[THE DATA]

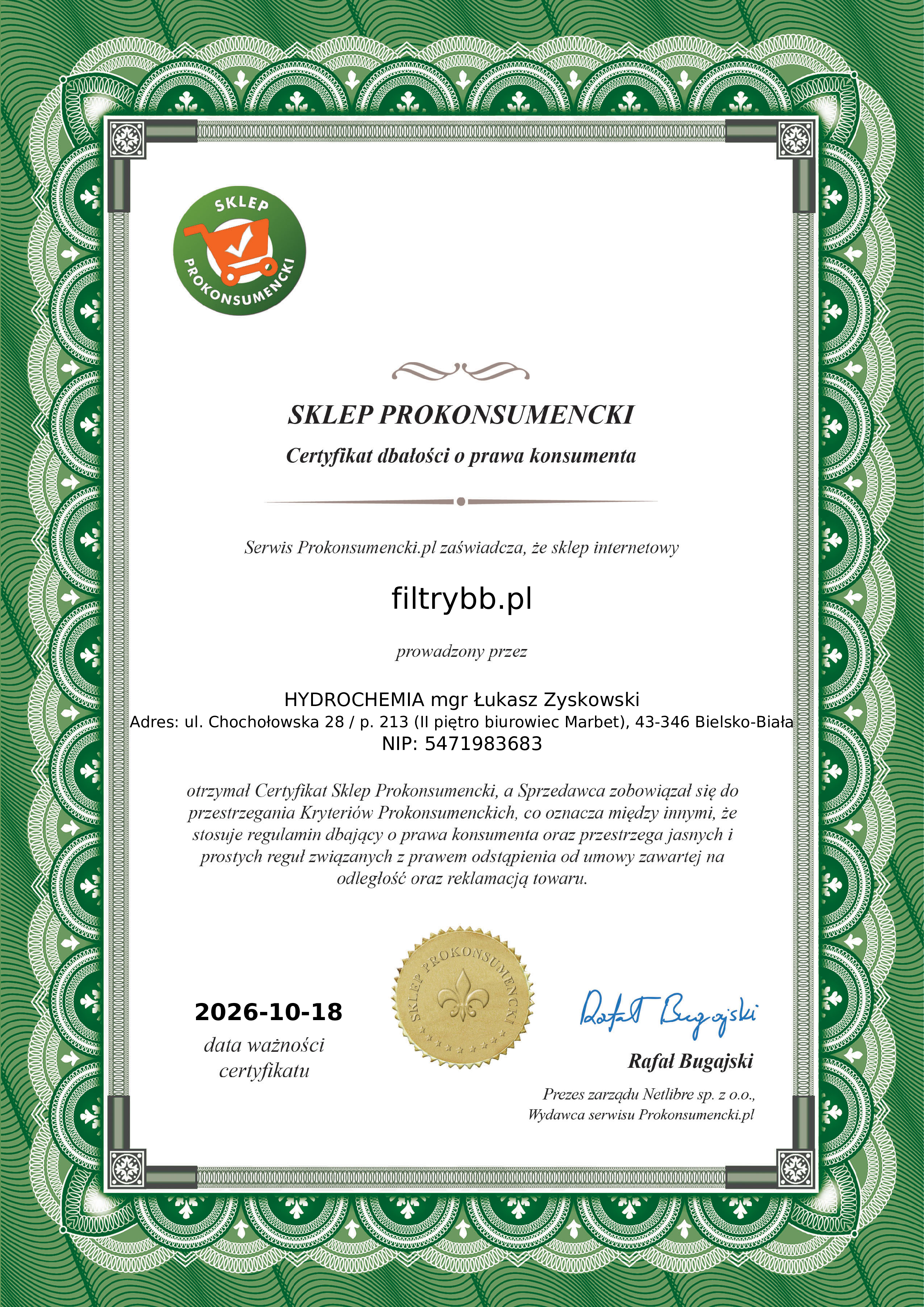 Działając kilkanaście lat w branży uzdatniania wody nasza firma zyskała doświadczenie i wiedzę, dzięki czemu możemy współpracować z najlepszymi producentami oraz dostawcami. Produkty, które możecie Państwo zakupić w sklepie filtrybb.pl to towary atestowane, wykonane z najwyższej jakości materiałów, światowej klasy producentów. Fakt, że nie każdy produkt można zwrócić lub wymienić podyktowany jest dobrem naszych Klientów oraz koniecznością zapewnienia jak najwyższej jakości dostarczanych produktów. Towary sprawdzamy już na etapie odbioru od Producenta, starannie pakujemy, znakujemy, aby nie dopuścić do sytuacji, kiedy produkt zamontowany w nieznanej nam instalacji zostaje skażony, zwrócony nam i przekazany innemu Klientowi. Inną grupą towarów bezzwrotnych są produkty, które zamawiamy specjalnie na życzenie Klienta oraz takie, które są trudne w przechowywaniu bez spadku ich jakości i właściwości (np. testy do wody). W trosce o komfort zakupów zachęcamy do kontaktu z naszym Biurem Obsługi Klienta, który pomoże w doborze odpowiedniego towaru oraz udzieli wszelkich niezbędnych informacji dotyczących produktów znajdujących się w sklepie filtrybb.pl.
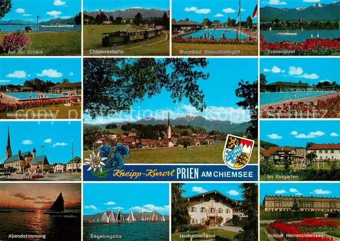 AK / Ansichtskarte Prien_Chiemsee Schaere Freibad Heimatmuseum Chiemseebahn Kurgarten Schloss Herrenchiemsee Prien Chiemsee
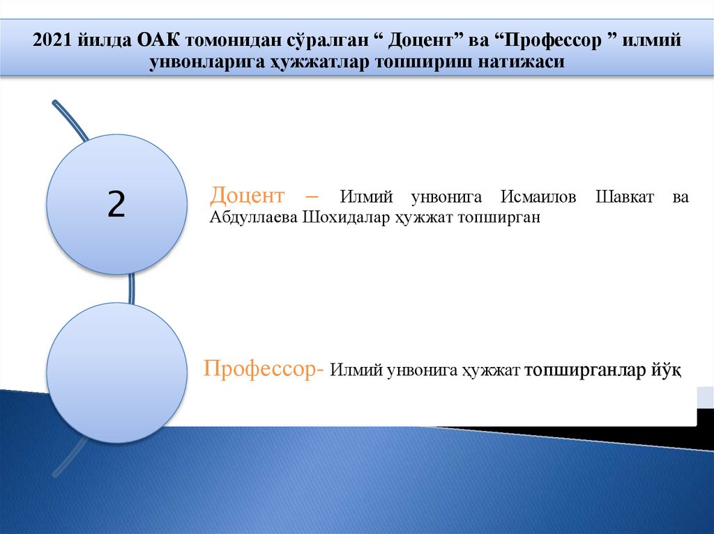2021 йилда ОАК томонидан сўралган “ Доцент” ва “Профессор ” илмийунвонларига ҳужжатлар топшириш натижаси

[/THE DATA]

▶ _WHAT THIS TASK INVOLVES_: Repeat each line above exactly as it reads, omitting any pictures.

▶ _EXPECTED OUTPUT_:
 Działając kilkanaście lat w branży uzdatniania wody nasza firma zyskała doświadczenie i wiedzę, dzięki czemu możemy współpracować z najlepszymi producentami oraz dostawcami. Produkty, które możecie Państwo zakupić w sklepie filtrybb.pl to towary atestowane, wykonane z najwyższej jakości materiałów, światowej klasy producentów. Fakt, że nie każdy produkt można zwrócić lub wymienić podyktowany jest dobrem naszych Klientów oraz koniecznością zapewnienia jak najwyższej jakości dostarczanych produktów. Towary sprawdzamy już na etapie odbioru od Producenta, starannie pakujemy, znakujemy, aby nie dopuścić do sytuacji, kiedy produkt zamontowany w nieznanej nam instalacji zostaje skażony, zwrócony nam i przekazany innemu Klientowi. Inną grupą towarów bezzwrotnych są produkty, które zamawiamy specjalnie na życzenie Klienta oraz takie, które są trudne w przechowywaniu bez spadku ich jakości i właściwości (np. testy do wody). W trosce o komfort zakupów zachęcamy do kontaktu z naszym Biurem Obsługi Klienta, który pomoże w doborze odpowiedniego towaru oraz udzieli wszelkich niezbędnych informacji dotyczących produktów znajdujących się w sklepie filtrybb.pl.
 AK / Ansichtskarte Prien_Chiemsee Schaere Freibad Heimatmuseum Chiemseebahn Kurgarten Schloss Herrenchiemsee Prien Chiemsee
2021 йилда ОАК томонидан сўралган “ Доцент” ва “Профессор ” илмийунвонларига ҳужжатлар топшириш натижаси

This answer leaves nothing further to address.